The Neptune Society was founded 26 years ago by Manny Weintraub, now 72 years old. In April, Weintraub sold the company for $27 million to Boca Raton, Fla.-based investment bank BG Capital Group, which promptly took the firm public.

“For a number of years I have been concerned about my succession,” said Weintraub. “It is time for me to take a step back and not get so involved in day-to-day operations.”

Weintraub will remain with the company as an advisor. Meantime, BG Capital will be looking for an experienced management team to lead the firm at its Burbank headquarters.

“With the stronger backing it will enable us to create the first death-care company that is recognizable nationwide,” Weintraub said. “Our future is in growth through acquisition.”
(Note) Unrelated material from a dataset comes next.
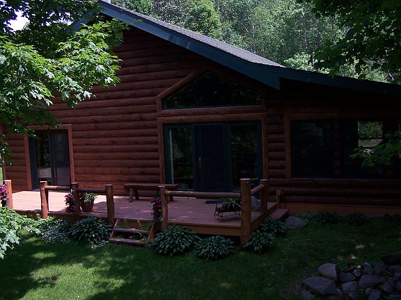 4 bedroom 1-1/2 bath 200+ sq ft on 2 acres with 260 ft of good shore line located on a secluded lake lot in a very quiet area. Bedroom #1 is 13 x 13 1/2, bedroom #2 is 12 x 12, bedroom #3 is 12x 10 and bedroom #4 is 12 x 15 with 1/2 bath (loft). There is plenty storage throughout the main floor and loft both in the house and garage. House has 3x10 half log siding with 6" solid foamed walls for super insulation. covered porch is 8x26 and front deck is 8x30 with a great view of the lake and sunsets. Wall insulation is R-28 and the roof is R-50. There is a 4 season porch that can double a an extra bedroom. Living room has a great lake view and a large stone fireplace that can double as an extra heat source if needed. Both house and garage have in-floor hot water heat for those cold winter days and warm feet. Interior of the house has log structure accents for that old log cabin look and feel. Sewer is private and up to code plus well has natural soft water which is great for drinking and bathing. There is a 2 1/2 car attached garage that is designed to be converted into living quarters if more living area is desired. There is a large loft in both the garage and main house with an extra large bedroom, a 1/2 bath and large storage area. Out buildings consist of a 8 x 12 boat house, 12 x 24 lean-to, 8 x 12 tool shed, 4 x 8 garden shed and a 8 x 12 bunk house that is insulated for winter use. House id situated on a great hunting and fishing lake plus property borders thousands of acres of public lands for excellent snowmobile and atv riding. This is a great location if you are looking for privacy and there are many lakes in this area that have superb fishing and hunting. There is only one other cabin on this lake on this lake for privacy. Lake is 30 ft deep and heavily spring fed for crystal clear water always. This is a very quiet and solitude location plus cabin is located at the end of the road for privacy.

The number of cremations performed in the United States has increased an average of 4 percent a year in the 1990s, while the overall death rate has remained steady, according to the Cremation Society of America. If the trend continues, the share of U.S. deaths handled by cremation will top 40 percent by 2010, up from 17 percent in 1990.
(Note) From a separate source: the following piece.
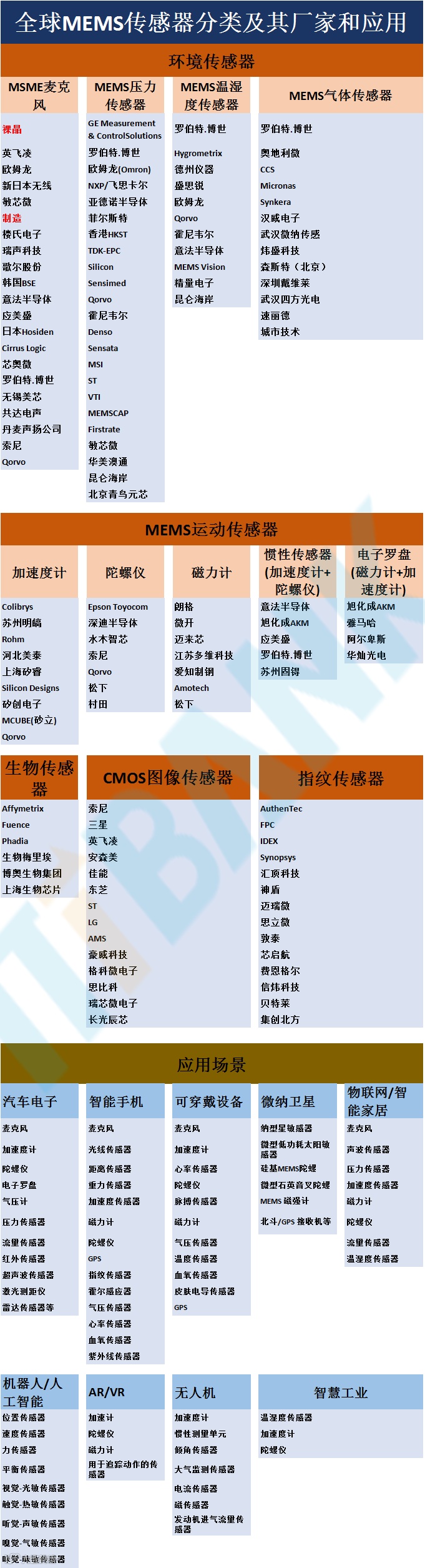二、MEMS传感器分类及厂家和应用

The Neptune Society claims to be the nation’s largest provider of cremation services. Last year, it conducted 4,900 such procedures.

According to Financial Strategies and Investing Inc., a Massachusetts-based research firm that valued the Neptune Society before the purchase, the firm is expected to generate revenues of $11.5 million in 1999, with operating cash flow close to $4.9 million. By 2001, revenue is projected to hit $13.6 million, with operating cash flow of $6.2 million.

But judging by the performance of other death-care stocks, the Neptune Society could be a hard sell.

Service Corp. International, the largest funeral home and cemetery organization in the world, has seen its share price fall by more than 50 percent over the past year. And the stock of Loewen Group Inc., the nation’s second largest death-care firm, has plunged by more than 90 percent in the past 12 months.

Analysts said the weakness was prompted by over-expansion and investors overestimating the growth potential of the funeral business.

“The investor appetite is clearly not what it was a couple of years ago,” said Lee D. Wilder of J.C. Bradford in Atlanta. “The industry went through a period of rapid growth through acquisition, but is now suffering a major case of indigestion.”